INFORMATION SHOWN START

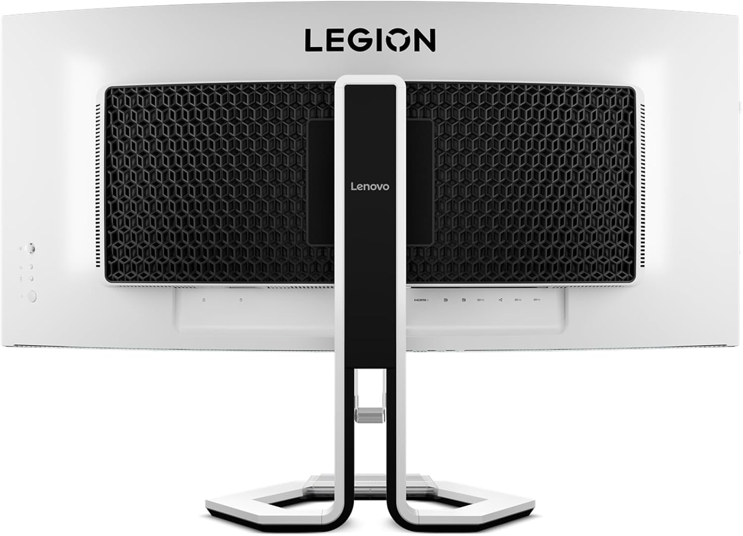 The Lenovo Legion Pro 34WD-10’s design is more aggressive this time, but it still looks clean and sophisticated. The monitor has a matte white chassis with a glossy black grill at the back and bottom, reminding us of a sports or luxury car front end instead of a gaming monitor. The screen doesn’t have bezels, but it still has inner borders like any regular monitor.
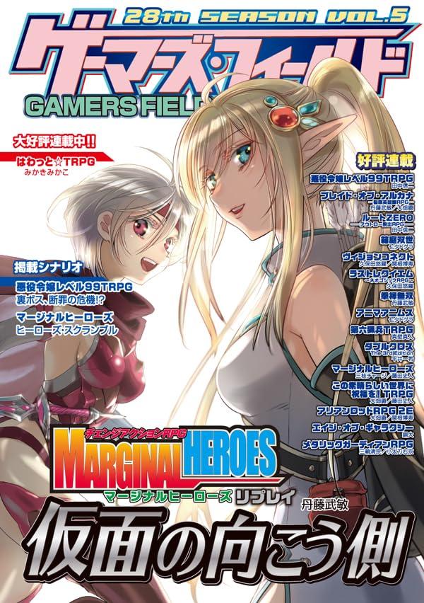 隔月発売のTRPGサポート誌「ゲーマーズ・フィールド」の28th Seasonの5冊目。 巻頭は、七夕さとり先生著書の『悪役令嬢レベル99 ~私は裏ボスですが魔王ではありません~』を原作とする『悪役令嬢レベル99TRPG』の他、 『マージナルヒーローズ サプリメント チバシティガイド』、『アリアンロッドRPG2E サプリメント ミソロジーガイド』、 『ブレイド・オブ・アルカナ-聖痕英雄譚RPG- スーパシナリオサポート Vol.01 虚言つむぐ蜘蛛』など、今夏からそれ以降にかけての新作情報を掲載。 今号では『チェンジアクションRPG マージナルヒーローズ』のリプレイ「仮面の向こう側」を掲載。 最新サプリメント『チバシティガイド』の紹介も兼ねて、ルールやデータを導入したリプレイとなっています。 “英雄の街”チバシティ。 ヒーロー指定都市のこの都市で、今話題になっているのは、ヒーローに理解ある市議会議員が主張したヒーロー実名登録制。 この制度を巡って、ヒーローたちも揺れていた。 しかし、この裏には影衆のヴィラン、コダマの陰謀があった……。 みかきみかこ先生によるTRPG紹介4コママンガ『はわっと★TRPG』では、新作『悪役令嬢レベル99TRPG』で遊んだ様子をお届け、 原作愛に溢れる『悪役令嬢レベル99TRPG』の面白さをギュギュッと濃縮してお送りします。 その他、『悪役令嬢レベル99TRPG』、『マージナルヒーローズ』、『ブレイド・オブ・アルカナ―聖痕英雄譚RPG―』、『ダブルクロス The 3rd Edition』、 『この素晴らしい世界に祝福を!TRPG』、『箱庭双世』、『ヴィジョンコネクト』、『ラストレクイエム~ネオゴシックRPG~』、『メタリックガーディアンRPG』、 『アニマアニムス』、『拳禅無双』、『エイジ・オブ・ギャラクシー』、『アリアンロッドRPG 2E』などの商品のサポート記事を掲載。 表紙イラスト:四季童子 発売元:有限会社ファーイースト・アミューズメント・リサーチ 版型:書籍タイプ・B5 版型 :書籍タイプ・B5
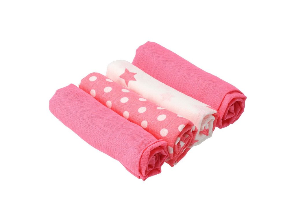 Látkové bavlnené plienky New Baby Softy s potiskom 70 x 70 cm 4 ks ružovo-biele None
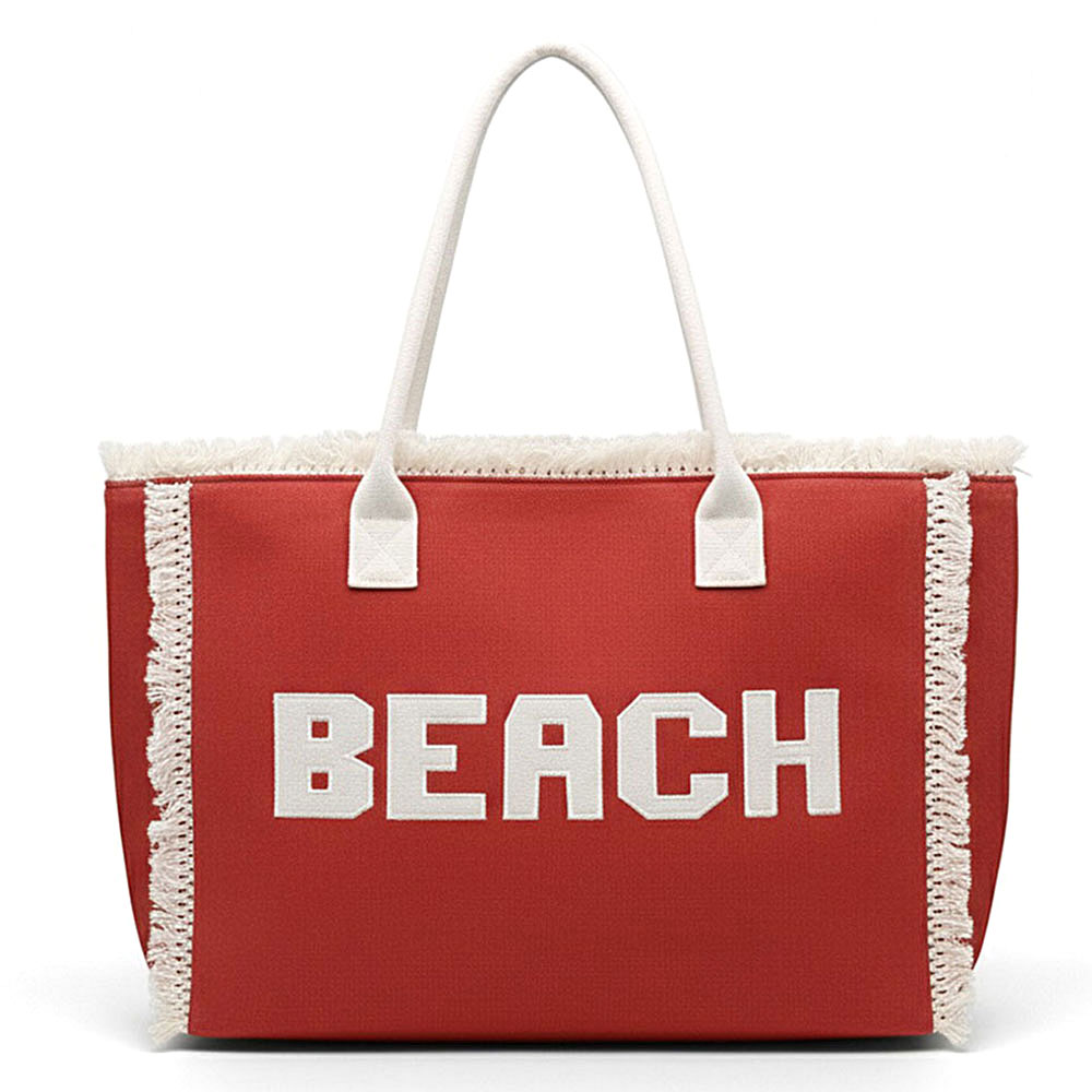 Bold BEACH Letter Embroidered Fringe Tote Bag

INFORMATION SHOWN END

▶ **EXERCISE REQUIREMENTS**
Would it be possible to reproduce the material word for word, images omitted?

▶ **RESULT OF THIS EXERCISE**
 The Lenovo Legion Pro 34WD-10’s design is more aggressive this time, but it still looks clean and sophisticated. The monitor has a matte white chassis with a glossy black grill at the back and bottom, reminding us of a sports or luxury car front end instead of a gaming monitor. The screen doesn’t have bezels, but it still has inner borders like any regular monitor.
 隔月発売のTRPGサポート誌「ゲーマーズ・フィールド」の28th Seasonの5冊目。 巻頭は、七夕さとり先生著書の『悪役令嬢レベル99 ~私は裏ボスですが魔王ではありません~』を原作とする『悪役令嬢レベル99TRPG』の他、 『マージナルヒーローズ サプリメント チバシティガイド』、『アリアンロッドRPG2E サプリメント ミソロジーガイド』、 『ブレイド・オブ・アルカナ-聖痕英雄譚RPG- スーパシナリオサポート Vol.01 虚言つむぐ蜘蛛』など、今夏からそれ以降にかけての新作情報を掲載。 今号では『チェンジアクションRPG マージナルヒーローズ』のリプレイ「仮面の向こう側」を掲載。 最新サプリメント『チバシティガイド』の紹介も兼ねて、ルールやデータを導入したリプレイとなっています。 “英雄の街”チバシティ。 ヒーロー指定都市のこの都市で、今話題になっているのは、ヒーローに理解ある市議会議員が主張したヒーロー実名登録制。 この制度を巡って、ヒーローたちも揺れていた。 しかし、この裏には影衆のヴィラン、コダマの陰謀があった……。 みかきみかこ先生によるTRPG紹介4コママンガ『はわっと★TRPG』では、新作『悪役令嬢レベル99TRPG』で遊んだ様子をお届け、 原作愛に溢れる『悪役令嬢レベル99TRPG』の面白さをギュギュッと濃縮してお送りします。 その他、『悪役令嬢レベル99TRPG』、『マージナルヒーローズ』、『ブレイド・オブ・アルカナ―聖痕英雄譚RPG―』、『ダブルクロス The 3rd Edition』、 『この素晴らしい世界に祝福を!TRPG』、『箱庭双世』、『ヴィジョンコネクト』、『ラストレクイエム~ネオゴシックRPG~』、『メタリックガーディアンRPG』、 『アニマアニムス』、『拳禅無双』、『エイジ・オブ・ギャラクシー』、『アリアンロッドRPG 2E』などの商品のサポート記事を掲載。 表紙イラスト:四季童子 発売元:有限会社ファーイースト・アミューズメント・リサーチ 版型:書籍タイプ・B5 版型 :書籍タイプ・B5
 Látkové bavlnené plienky New Baby Softy s potiskom 70 x 70 cm 4 ks ružovo-biele None
 Bold BEACH Letter Embroidered Fringe Tote Bag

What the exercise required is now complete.